- Goal of the exercise: An exact retyping of all lines below is the answer; pictures do not belong in it.

(Records contained in a dataset)
┏━━

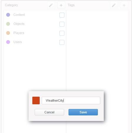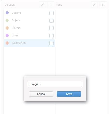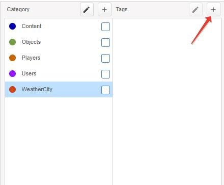 Then, in the new category WeatherCity, create a tag with the name of your city in the following format: Name,RU (separated by commas).
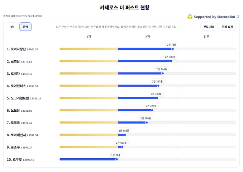 이에 2관문을 통과한 공격대의 진도에 많은 이목이 집중됐다. 다만 LOPEC에서는 미공개 상태인 일반인 공격대라서 정확한 진도 확인은 불가능한 상태다. LOPEC 기준으로는 로아사랑단(캡틴잭, 쫀지, 쁘허, 태경, 방울토마토라면, 김뚜띠, 후니, 은가비)이 73줄로 선두를 달리고 있으며 로조쿠까지 총 9개의 공격대가 2관문에 돌입했다.
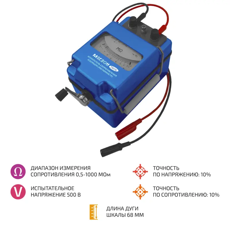 Испытательное напряжение в 500 В обеспечивает надежное выполнение измерений, позволяя точно оценивать состояние изоляции. Погрешности по напряжению и сопротивлению составляют 10%, что гарантирует достаточный уровень точности для большинства практических приложений. Длина дуги шкалы, равная примерно 68 мм, облегчает считывание значений, что особенно важно в условиях, когда время имеет значение.
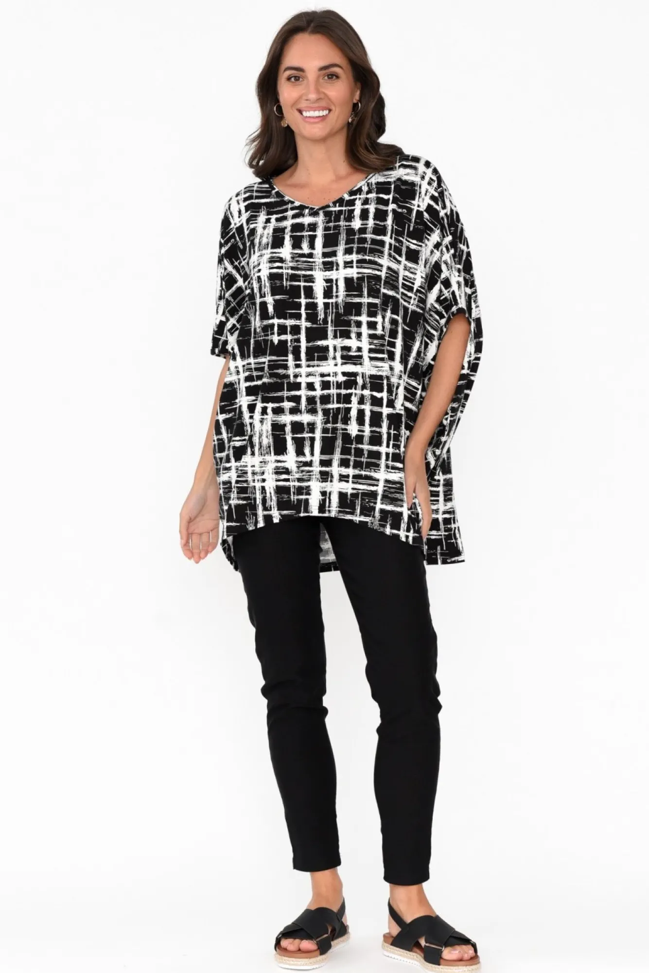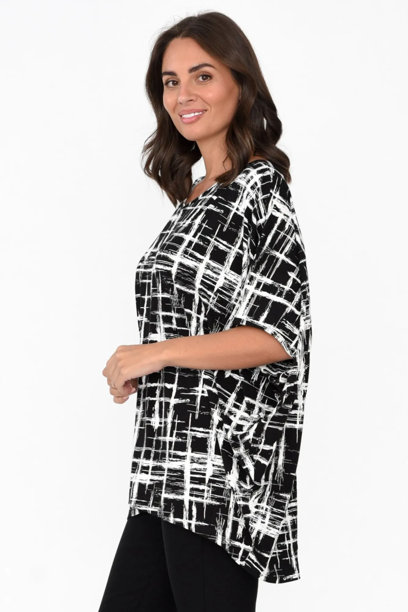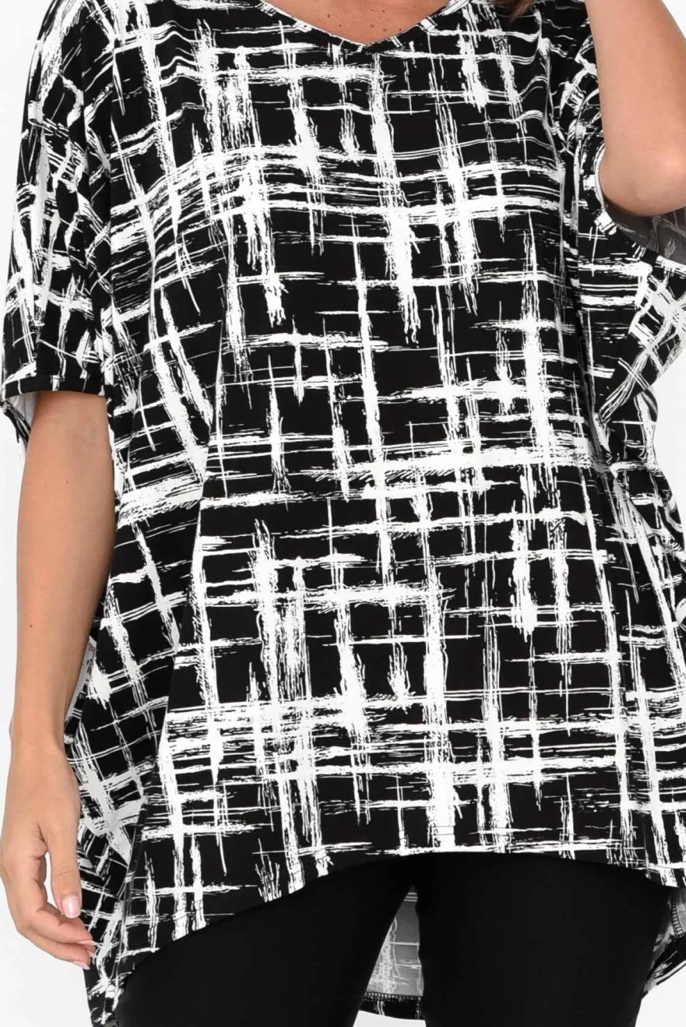 Fit: True To Size. Refer To Size & Fit Tab Below For Specific Size RecommendationNNfabric: 95% Bamboo, 5% ElastaneNultra-Soft Bamboo Fabric Offering Wonderful Thermo-Regulating, Moisture-Wicking And Hypoallergenic Properties Nsoft V-Neckline Frames The Collarbones NNbatwing-Style Half-Length Sleeves NNeffortless Drape Silhouette Ndramatic Hi-Lo Hemline Falls Below Hip LengthNNcare: Cool Gentle Hand Wash RecommendedNNcolour: Eye-Catching White Brush Print Over A Black Base
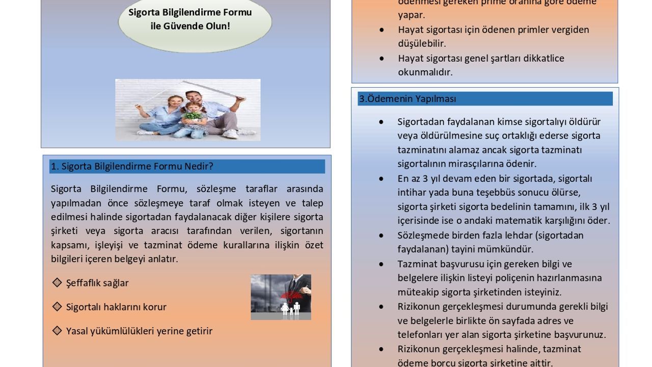 Hayat Dışı Sigortası ve Hayat Sigortası Bilgilendirme Formları’na yönelik tanıtım broşürü; “Sigorta Bilgilendirme Formu Nedir?, Genel Bilgi/Uyarılar, Rizikonun Gerçekleşmesi, Tazminler, Tazminat Ödemesi, Şikayet ve Bilgi Talepleri” gibi başlıkları ve özet bilgileri içeriyor.
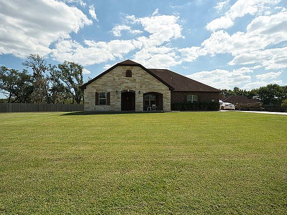 Parking is a single-car plus-sized attached garage and the long double-wide driveway. Architectural plans exist for a custom car port that matches the house (the stone/bricks for construction are on the property). Outside features a large front porch, expansive back patio with large covered back porch and lots of grass to play, add a pool, and/or construct extra buildings. Sewer is an anaerobic septic system, and water is from a community well. Quiet area with nice neighbors and no HOA. About 4 miles to Lake Jackson, 3 miles to Angleton, has quick access to TX288, and is only 19 minutes from Surfside Beach. This property has never flooded. Assumable 5.625% FHA loan.
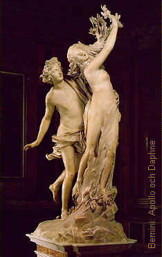 ![]() Daphne betyder ännu idag lagerträd på grekiska. Daphne är också en förort till Antiokia, där händelsen sägs ha ägt rum. Myten: Apollon förälskade sig i Dafne, men hon flydde undan. När han nästan hade nått henne, tog hennes mor hand om henne och förvandlade henne i ett lagerträd som skydd. I en annan version blir Dafne förvandlad av den kyska Artemis, som straff för att hon inte flydde undan fort nog.... Kommentar: Det saknas inte viss humor i att det i Daphne, Antiokia senare byggdes ett Apollontempel av Seleukos I.... © Bernhard Kauntz, Västerås 1998 Tillbaka till ![]() ![]() |
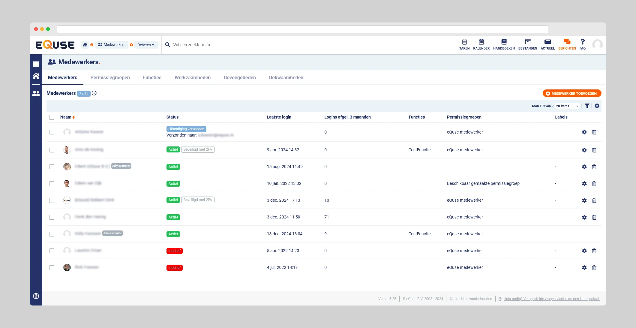Het standaard ingestelde limiet voor medewerkers met toegang tot eQuse is 25. Links bovenaan in het medewerkersoverzicht ziet u het aantal actieve medewerkers ten opzichte van het maximale limiet. Medewerkers met de status Inactief of Aangemaakt worden hierbij niet meegerekend. Als u meer medewerkers wilt toevoegen dan het huidige limiet toestaat, kunt u het limiet eenvoudig ophogen via de link naast het weergegeven maximum.
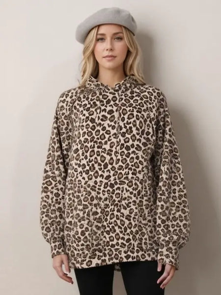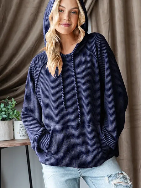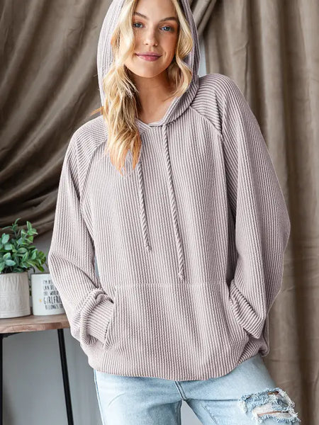95% POLYESTER 5% SPANDEX LONG PUFF SLEEVE DRAWSTRING HOOD SOLID URBAN RIBBED HOODIE TOP WITH KANGAROO POCKET AND STITCH DETAIL
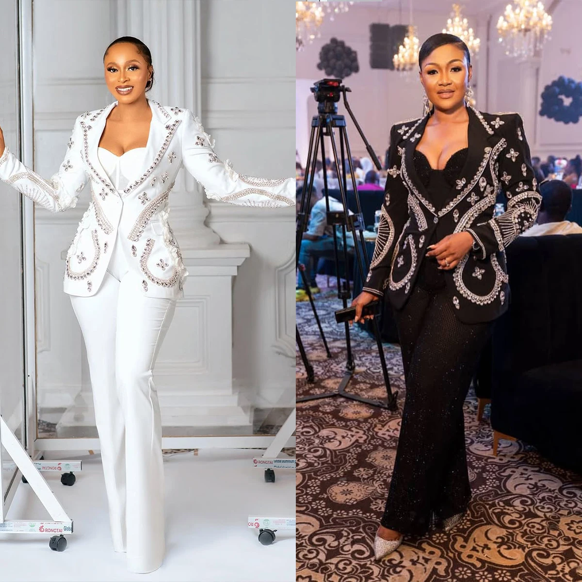 Peaked Lapel Crystal Women Blazer Suits 2 Pieces Beaded Applique African Jacket Customized Wide Leg Pants Celebrity Party Dress
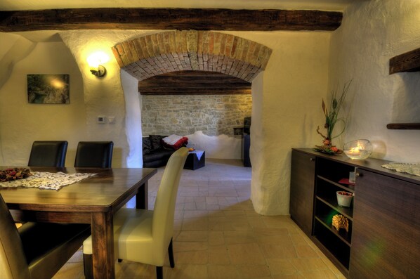 Enjoying a secluded setting near a picturesque stream, Traditional Stone House is an Istrian village offering renovated houses dating back to the 18th century. It features an outdoor pool and private patios with sun loungers and picnic areas. It is located in Kotli, 7 km from Buzet. Decorated in rustic-style with stonewall elements and wooden beams, the houses feature a fireplace, living area with flat-screen TV and DVD player and a fully equipped kitchen with a dining area. Featuring a hairdryer, private bathrooms also come with towels and linen. Barbecue facilities are available. Kotlić Restaurant serving local cuisine with terrace above a stream is just 100 meters away. The nearest grocery store is in Buzet. An array of activities can be enjoyed including horse riding, cycling and hiking. The property helps to organize a balloon flight over the region, free climbing excursions and enduro motorcycle rides. The smallest town in the world, Hum, is just 7 km away. Istrian landscape is known for its little mediaeval towns like Motovun, Grožnjan, Oprtalj and others, all within a-30 km radius. Beaches can be found in Lovran and Opatija, both 35 km away. Lim Canal rich with oysters and mussels is 45 km from the property. Pula Airport is 63 km away. Private parking is provided free of charge. Two-Bedroom Stone House (4 Adults) Decorated in rustic-style with stonewall elements and wooden beams, this house features a fireplace, living area with flat-screen TV and DVD player, fully equipped kitchen with a dining area and a private bathroom. A patio with seating furniture is at guests' disposal. One of 8 beautifully renovated traditional stone houses in the protected rural entity Kotle, registered as one of Croatia's cultural goods. You can either enjoy only one of our houses, with the access to the common area including the pool, playground and barbecue or you can rent the entire village; ideal for birthdays, bachelorette parties and weddings! The houses are in central Istria surrounded with nature offering a rich variety of activities and experiences, more about that below ...
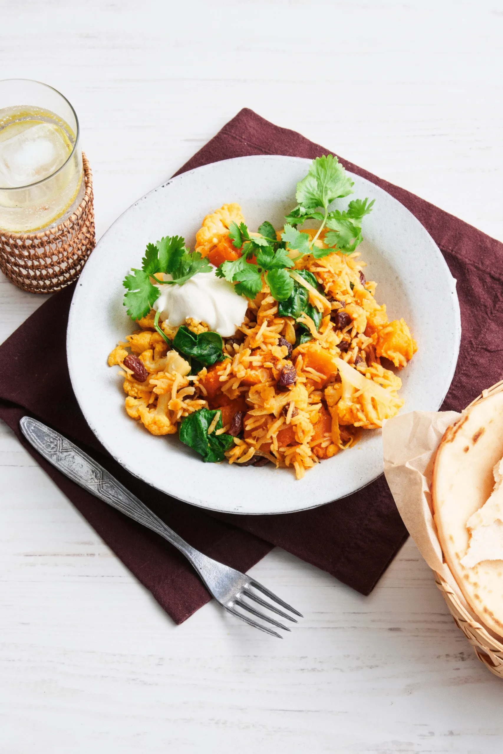 Just before serving stir in spinach and set aside 1 minute until wilted. Serve with yoghurt, coriander and torn naan bread.

┗━━

- Completed task:
 Then, in the new category WeatherCity, create a tag with the name of your city in the following format: Name,RU (separated by commas).
 이에 2관문을 통과한 공격대의 진도에 많은 이목이 집중됐다. 다만 LOPEC에서는 미공개 상태인 일반인 공격대라서 정확한 진도 확인은 불가능한 상태다. LOPEC 기준으로는 로아사랑단(캡틴잭, 쫀지, 쁘허, 태경, 방울토마토라면, 김뚜띠, 후니, 은가비)이 73줄로 선두를 달리고 있으며 로조쿠까지 총 9개의 공격대가 2관문에 돌입했다.
 Испытательное напряжение в 500 В обеспечивает надежное выполнение измерений, позволяя точно оценивать состояние изоляции. Погрешности по напряжению и сопротивлению составляют 10%, что гарантирует достаточный уровень точности для большинства практических приложений. Длина дуги шкалы, равная примерно 68 мм, облегчает считывание значений, что особенно важно в условиях, когда время имеет значение.
 Fit: True To Size. Refer To Size & Fit Tab Below For Specific Size RecommendationNNfabric: 95% Bamboo, 5% ElastaneNultra-Soft Bamboo Fabric Offering Wonderful Thermo-Regulating, Moisture-Wicking And Hypoallergenic Properties Nsoft V-Neckline Frames The Collarbones NNbatwing-Style Half-Length Sleeves NNeffortless Drape Silhouette Ndramatic Hi-Lo Hemline Falls Below Hip LengthNNcare: Cool Gentle Hand Wash RecommendedNNcolour: Eye-Catching White Brush Print Over A Black Base
 Hayat Dışı Sigortası ve Hayat Sigortası Bilgilendirme Formları’na yönelik tanıtım broşürü; “Sigorta Bilgilendirme Formu Nedir?, Genel Bilgi/Uyarılar, Rizikonun Gerçekleşmesi, Tazminler, Tazminat Ödemesi, Şikayet ve Bilgi Talepleri” gibi başlıkları ve özet bilgileri içeriyor.
 Parking is a single-car plus-sized attached garage and the long double-wide driveway. Architectural plans exist for a custom car port that matches the house (the stone/bricks for construction are on the property). Outside features a large front porch, expansive back patio with large covered back porch and lots of grass to play, add a pool, and/or construct extra buildings. Sewer is an anaerobic septic system, and water is from a community well. Quiet area with nice neighbors and no HOA. About 4 miles to Lake Jackson, 3 miles to Angleton, has quick access to TX288, and is only 19 minutes from Surfside Beach. This property has never flooded. Assumable 5.625% FHA loan.
 ![]() Daphne betyder ännu idag lagerträd på grekiska. Daphne är också en förort till Antiokia, där händelsen sägs ha ägt rum. Myten: Apollon förälskade sig i Dafne, men hon flydde undan. När han nästan hade nått henne, tog hennes mor hand om henne och förvandlade henne i ett lagerträd som skydd. I en annan version blir Dafne förvandlad av den kyska Artemis, som straff för att hon inte flydde undan fort nog.... Kommentar: Det saknas inte viss humor i att det i Daphne, Antiokia senare byggdes ett Apollontempel av Seleukos I.... © Bernhard Kauntz, Västerås 1998 Tillbaka till ![]() ![]() |
Het standaard ingestelde limiet voor medewerkers met toegang tot eQuse is 25. Links bovenaan in het medewerkersoverzicht ziet u het aantal actieve medewerkers ten opzichte van het maximale limiet. Medewerkers met de status Inactief of Aangemaakt worden hierbij niet meegerekend. Als u meer medewerkers wilt toevoegen dan het huidige limiet toestaat, kunt u het limiet eenvoudig ophogen via de link naast het weergegeven maximum.
95% POLYESTER 5% SPANDEX LONG PUFF SLEEVE DRAWSTRING HOOD SOLID URBAN RIBBED HOODIE TOP WITH KANGAROO POCKET AND STITCH DETAIL
 Peaked Lapel Crystal Women Blazer Suits 2 Pieces Beaded Applique African Jacket Customized Wide Leg Pants Celebrity Party Dress
 Enjoying a secluded setting near a picturesque stream, Traditional Stone House is an Istrian village offering renovated houses dating back to the 18th century. It features an outdoor pool and private patios with sun loungers and picnic areas. It is located in Kotli, 7 km from Buzet. Decorated in rustic-style with stonewall elements and wooden beams, the houses feature a fireplace, living area with flat-screen TV and DVD player and a fully equipped kitchen with a dining area. Featuring a hairdryer, private bathrooms also come with towels and linen. Barbecue facilities are available. Kotlić Restaurant serving local cuisine with terrace above a stream is just 100 meters away. The nearest grocery store is in Buzet. An array of activities can be enjoyed including horse riding, cycling and hiking. The property helps to organize a balloon flight over the region, free climbing excursions and enduro motorcycle rides. The smallest town in the world, Hum, is just 7 km away. Istrian landscape is known for its little mediaeval towns like Motovun, Grožnjan, Oprtalj and others, all within a-30 km radius. Beaches can be found in Lovran and Opatija, both 35 km away. Lim Canal rich with oysters and mussels is 45 km from the property. Pula Airport is 63 km away. Private parking is provided free of charge. Two-Bedroom Stone House (4 Adults) Decorated in rustic-style with stonewall elements and wooden beams, this house features a fireplace, living area with flat-screen TV and DVD player, fully equipped kitchen with a dining area and a private bathroom. A patio with seating furniture is at guests' disposal. One of 8 beautifully renovated traditional stone houses in the protected rural entity Kotle, registered as one of Croatia's cultural goods. You can either enjoy only one of our houses, with the access to the common area including the pool, playground and barbecue or you can rent the entire village; ideal for birthdays, bachelorette parties and weddings! The houses are in central Istria surrounded with nature offering a rich variety of activities and experiences, more about that below ...
 Just before serving stir in spinach and set aside 1 minute until wilted. Serve with yoghurt, coriander and torn naan bread.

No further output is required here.